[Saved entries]

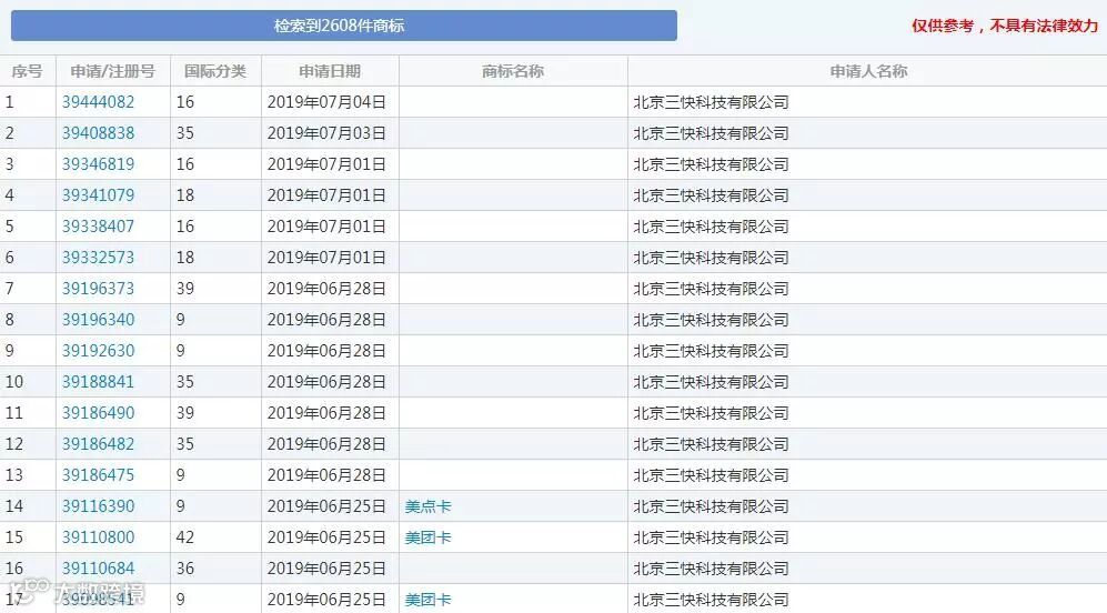 例如美团,在成立不久后就进行了商标注册布局。在商标局官网,一共可以检索到2608件美团商标,包括“美团”、“美团网”、“MEITUAN”、“美团点评”等商标,涵括多个类别,可见美团对于知识产权保护的高度重视。
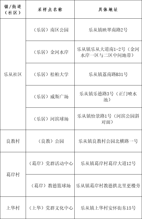 为切实保障全镇群众的身体健康,结合当前疫情防控需要,乐从镇于2022年11月24日(星期四)下午开展乐从社区、良教村、葛岸村、上华村免费核酸检测【相关便民核酸采样点详见下文列表】。现将有关事项通告如下:
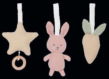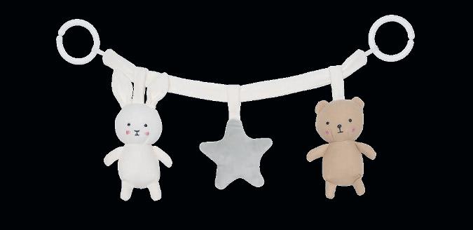 Classic pram hangers made from natural materials, adorned with the beloved Bunny and Teddy characters.
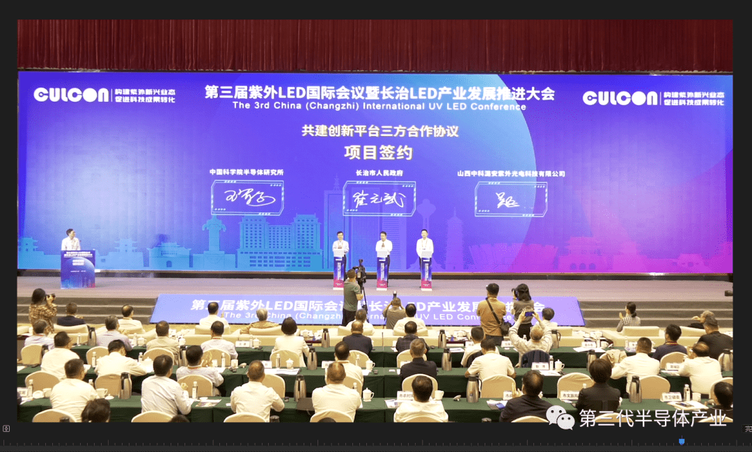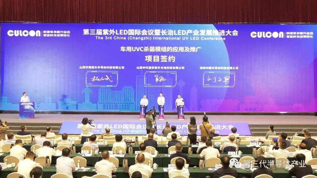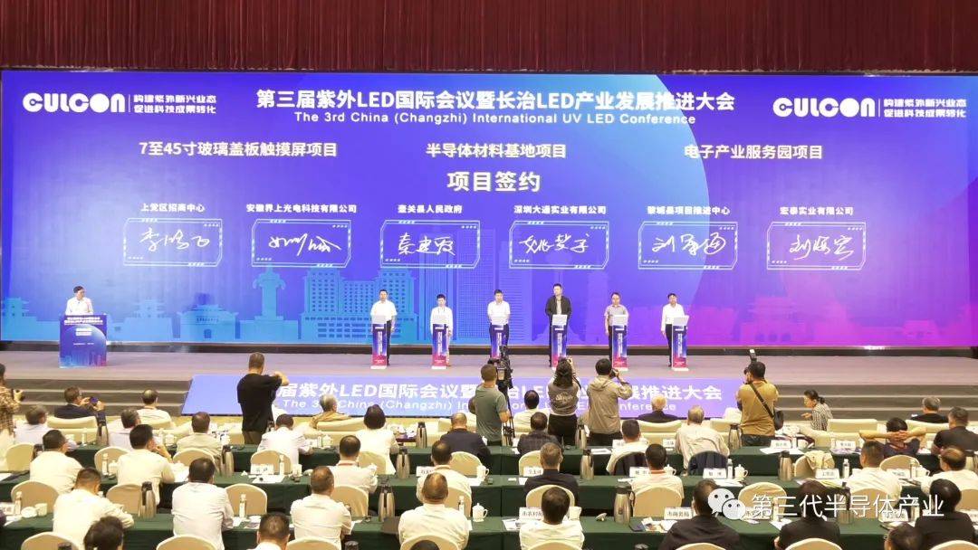 會議期間,長治市人民政府、中國科學院半導體研究所、山西中科潞安紫外光電科技有限公司三方簽訂共建創(chuàng)新平臺合作協(xié)議。另有半導體光醫(yī)療產業(yè)化項目、新一代半導體光催化技術在環(huán)境空氣殺消的應用項目、低功耗深紫外LED顯示芯片及產業(yè)化項目、車用UVC殺菌模組的應用及推廣項目、7至45寸玻璃蓋板觸摸屏項目、半導體材料基地項目、電子產業(yè)服務園項目等7個紫外LED相關產業(yè)項目簽約落地長治。中關村半導體照明工程研發(fā)及產業(yè)聯(lián)盟秘書長阮軍主持了簽約等活動環(huán)節(jié)。
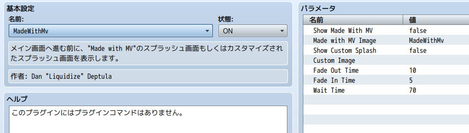 右図では一番上のパラメーターshow Made With MVがfalseとなっているため、これを「true」にして有効化してください。
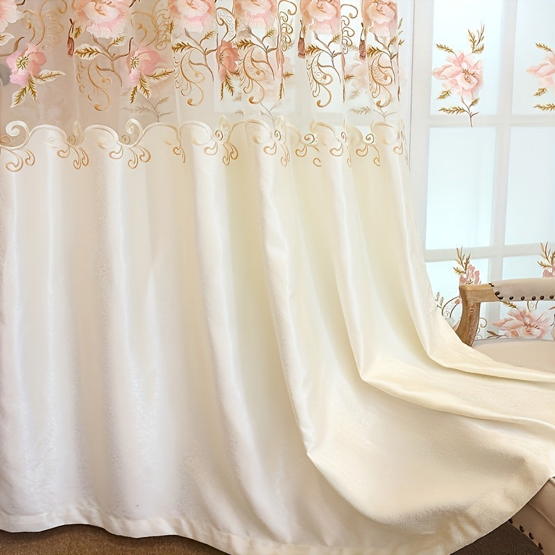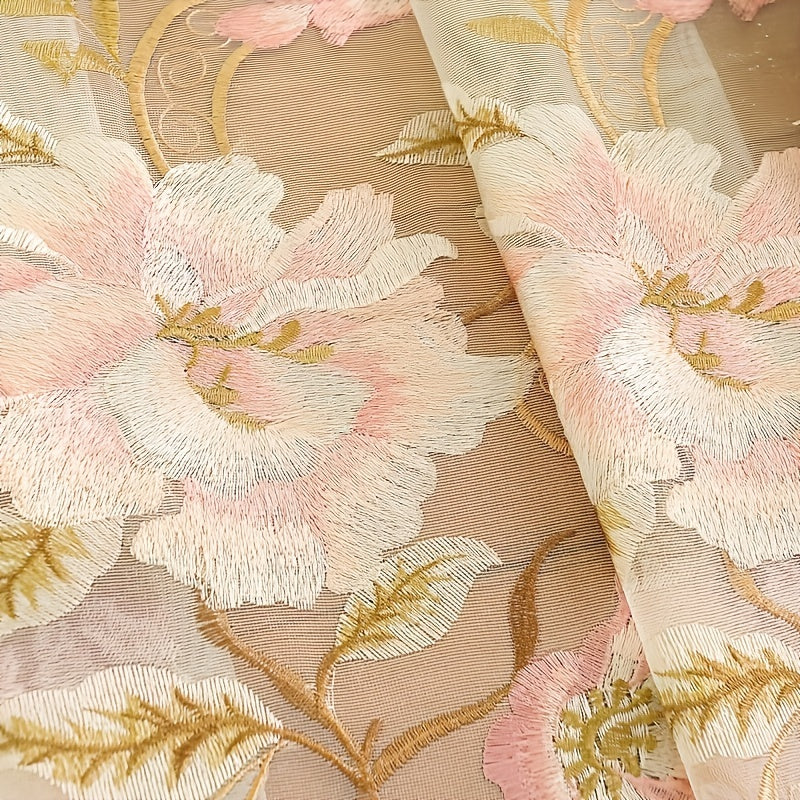 Pink Floral Embroidered Sheer Curtain for Living Room and Bedroom 1 Piece
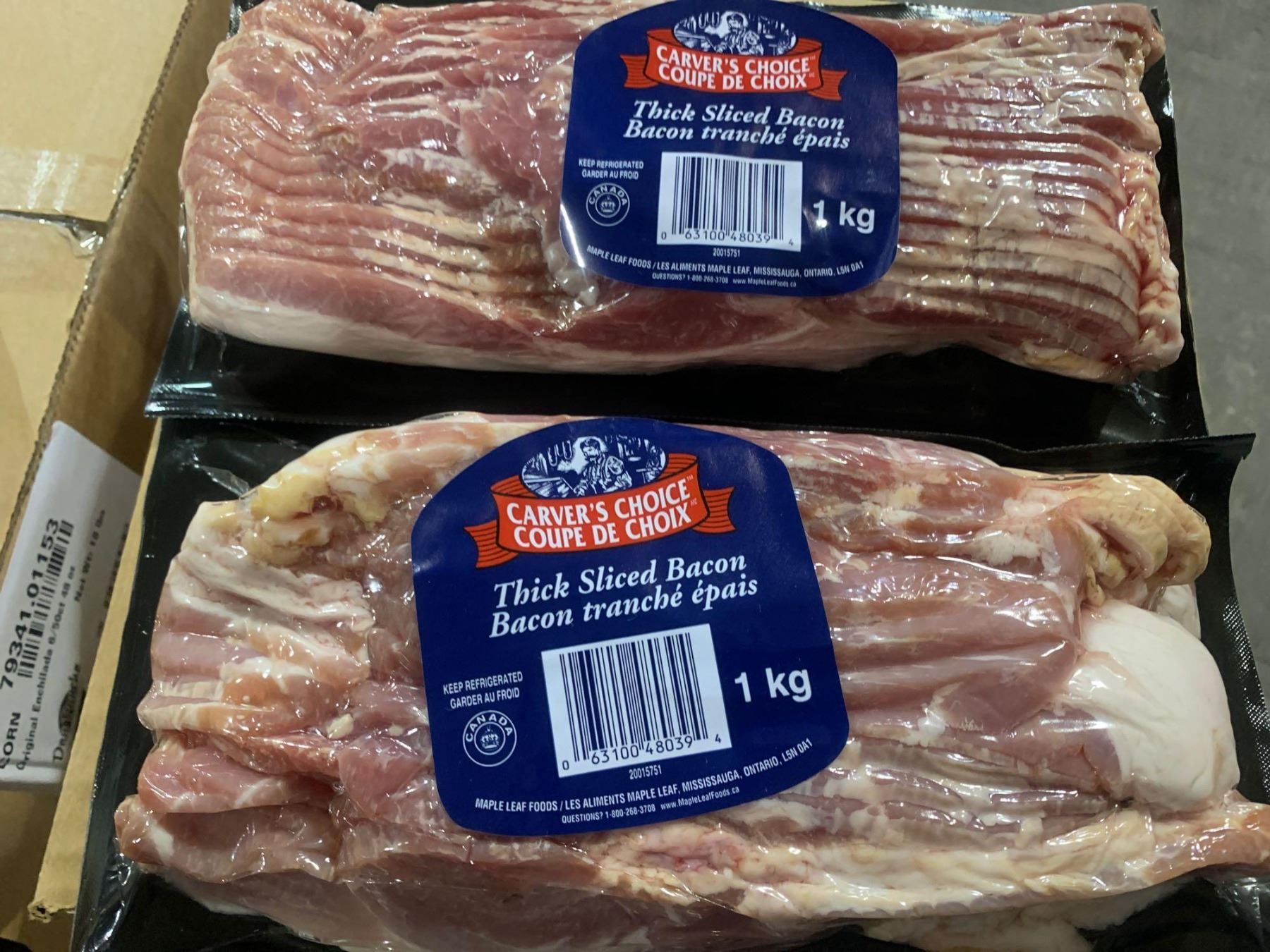Maple Leafs Carvers Choice Thick Sliced Bacon Lot of 2 x 1KG
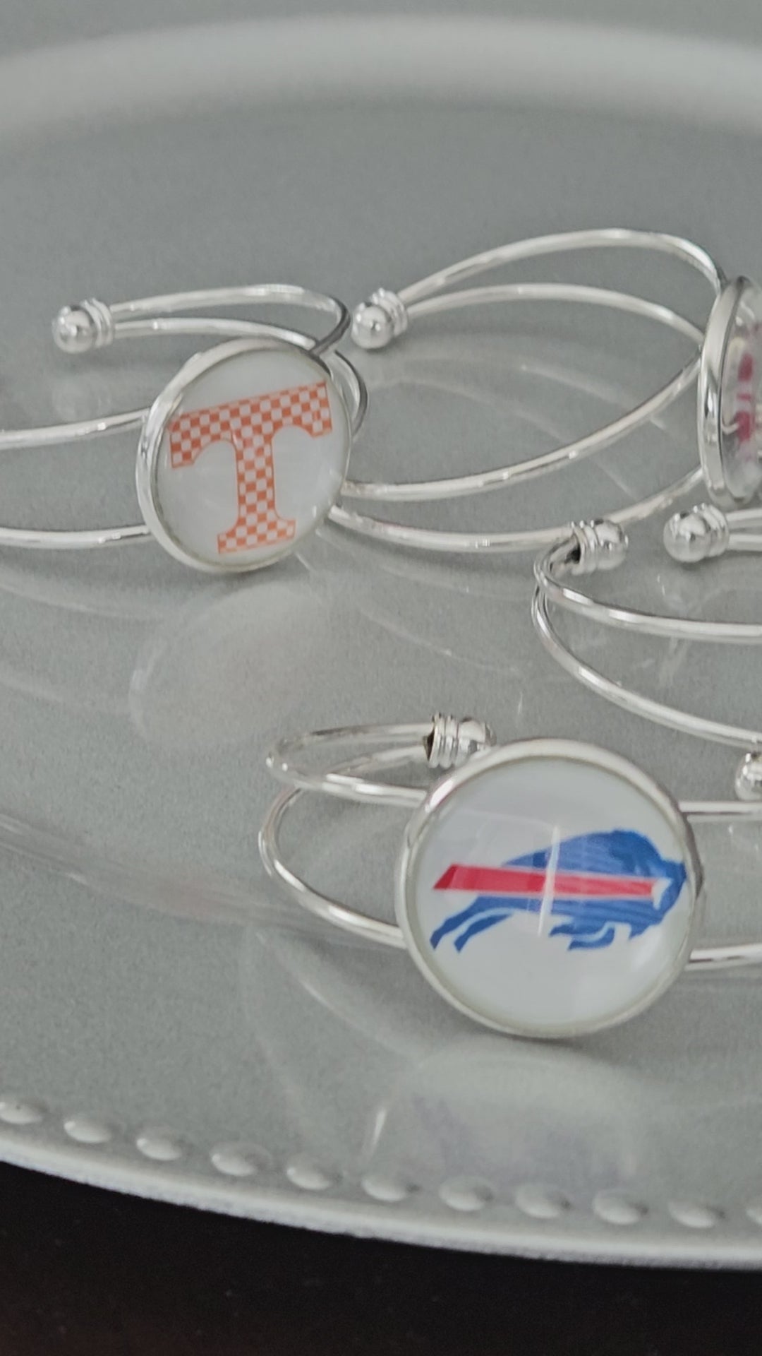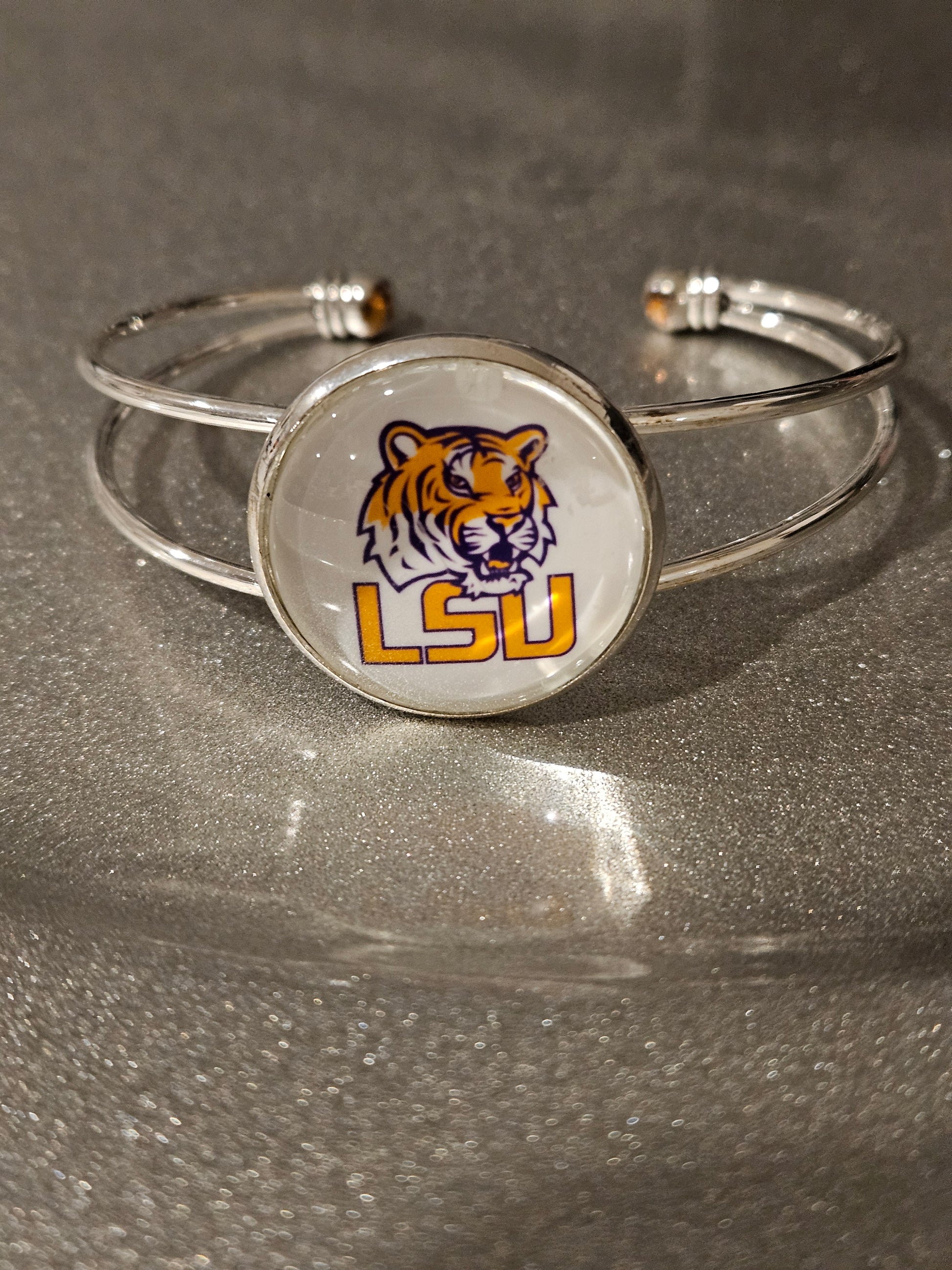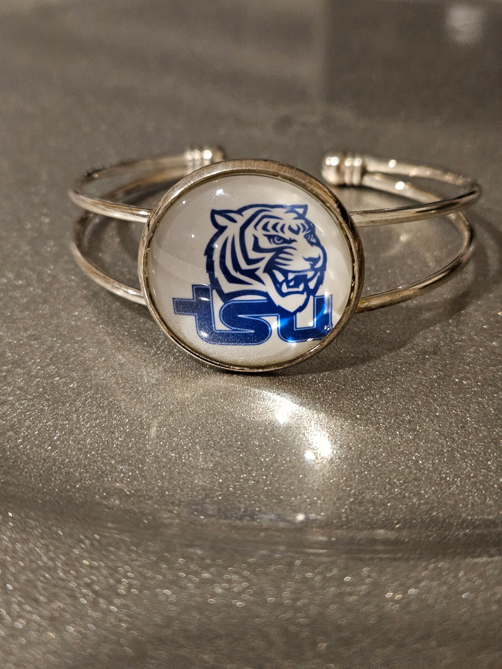 Silver adjustable bangles with round team setting (25mm) measures 55mm to 70 mm with a glass cabochon over the logo. The raw material of this bracelet is made of alloy. The color is silver by electroplating. This is a great bracelet to show your team pride. Customization is also available, just provide the logo.

* **What is required**: Repeat the data word for word. Skip the pictures.

* **Solution**:
 例如美团,在成立不久后就进行了商标注册布局。在商标局官网,一共可以检索到2608件美团商标,包括“美团”、“美团网”、“MEITUAN”、“美团点评”等商标,涵括多个类别,可见美团对于知识产权保护的高度重视。
 为切实保障全镇群众的身体健康,结合当前疫情防控需要,乐从镇于2022年11月24日(星期四)下午开展乐从社区、良教村、葛岸村、上华村免费核酸检测【相关便民核酸采样点详见下文列表】。现将有关事项通告如下:
 Classic pram hangers made from natural materials, adorned with the beloved Bunny and Teddy characters.
 會議期間,長治市人民政府、中國科學院半導體研究所、山西中科潞安紫外光電科技有限公司三方簽訂共建創(chuàng)新平臺合作協(xié)議。另有半導體光醫(yī)療產業(yè)化項目、新一代半導體光催化技術在環(huán)境空氣殺消的應用項目、低功耗深紫外LED顯示芯片及產業(yè)化項目、車用UVC殺菌模組的應用及推廣項目、7至45寸玻璃蓋板觸摸屏項目、半導體材料基地項目、電子產業(yè)服務園項目等7個紫外LED相關產業(yè)項目簽約落地長治。中關村半導體照明工程研發(fā)及產業(yè)聯(lián)盟秘書長阮軍主持了簽約等活動環(huán)節(jié)。
 右図では一番上のパラメーターshow Made With MVがfalseとなっているため、これを「true」にして有効化してください。
 Pink Floral Embroidered Sheer Curtain for Living Room and Bedroom 1 Piece
Maple Leafs Carvers Choice Thick Sliced Bacon Lot of 2 x 1KG
 Silver adjustable bangles with round team setting (25mm) measures 55mm to 70 mm with a glass cabochon over the logo. The raw material of this bracelet is made of alloy. The color is silver by electroplating. This is a great bracelet to show your team pride. Customization is also available, just provide the logo.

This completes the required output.